Il discorso non è così semplice, me ne rendo conto ma, utopicamente parlando, se smettessimo di vedere l’Unione Europea come nata sotto la disponibilità dei singoli Stati di autolimitare i propri poteri e iniziassimo a vederla come l’opportunità che i singoli Stati hanno di aumentare i propri poteri? Non è forse più veritiero vedere un ampliamento dei poteri dei singoli Stati piuttosto che una diminuzione? Non è forse vero che, i singoli cittadini, sono chiamati a decidere su una realtà che va oltre i propri confini? Che va oltre la propria lingua?
Ebbene, partendo da questi presupposti, evitando di perdermi in diatribe giuridiche e di sentimenti nazionali, mi avvio alla conclusione di questa mia riflessione: la personale risoluzione, seppur iniziale e non per niente finale, del problema immigrazione.
Aumentando i poteri dell’Unione Europea, e creando un organo ad hoc, si potrebbero destinare dei fondi per la costruzione, in zone strategiche, largamente studiate per la loro criticità, ove collegare centri di primo soccorso, non nazionali ma Europei. I suddetti centri di primo soccorso, oltre a garantire un’accoglienza umana (come già avviene), dovrebbero essere impiegati per il riconoscimento dei singoli immigrati da destinare all’organo centrale, gerarchicamente più alto. Così facendo, i richiedenti asilo, perché di questo stiamo parlando, sarebbero muniti di regolare permesso di soggiorno, con dei limiti specifici al soddisfacimento di determinati criteri stabiliti, e, in armonia con il principio di libera circolazione nel territorio degli Stati che fanno parte dell’Unione, potrebbero essere “inviati” in altri centri, creati al riguardo, negli Stati in cui fanno richiesta per i più disperati motivi: opportunità di lavoro; ricongiunzione con la famiglia; etc. Con questa organizzazione eviteremmo anche il “via-vai” a cui assistiamo quotidianamente di immigrati, senza regolari permessi e senza riconoscimento, che si danno alle più disparate via di fuga sul territorio europeo non garantendo, così, l’incolumità dell’Unione. 
Sono seriamente convinto che, con le dovute organizzazioni al riguardo, il flusso immigratorio costante e abnorme, a cui stiamo assistendo inermi, potrebbe trasformarsi in una risorsa economica e demografica per tutta l’Unione.

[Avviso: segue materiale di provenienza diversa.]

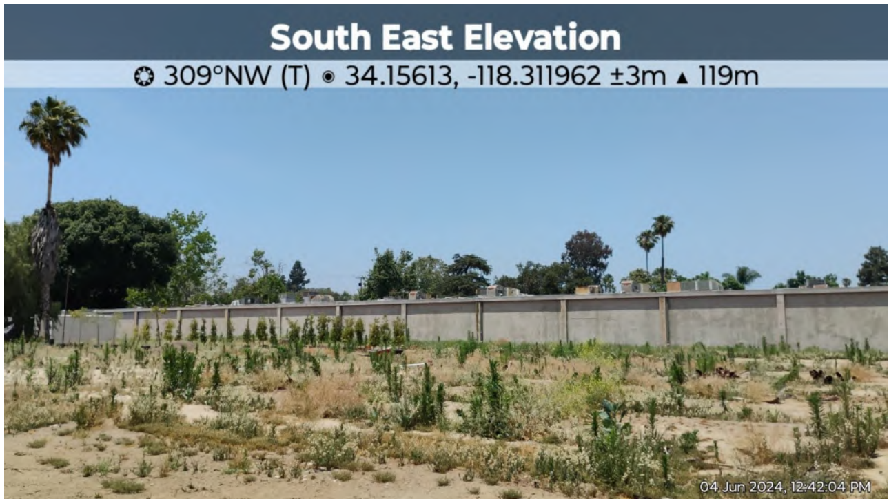
Photo 6. View of parcel backyard from near the southeast corner, facing northwest.

Per concludere, questo mio pensiero, forse troppo lungo - quindi grazie per averlo letto fino in fondo -, è una forma di richiamo verso quei miei connazionali, e anche verso quei miei coetanei, che si sentono minacciati da quello che sta accadendo. Non è né tanto di più né tanto di meno di quello che è già accaduto in passato ma verso un altro continente. Con l’unica differenza che, volendolo, noi (in senso di Unione), potremmo affrontarlo al meglio. E’ questo il momento, mentre personaggi autoritari e nazionalisti, quali Putin e Trump, ci “abbracciano” a destra e sinistra della nostra Unione, che dobbiamo, necessariamente, imparare a camminare con le nostre gambe. E questo si potrà concretizzare, solamente, e personalmente, con un aumento dei poteri nelle mani dell’Unione.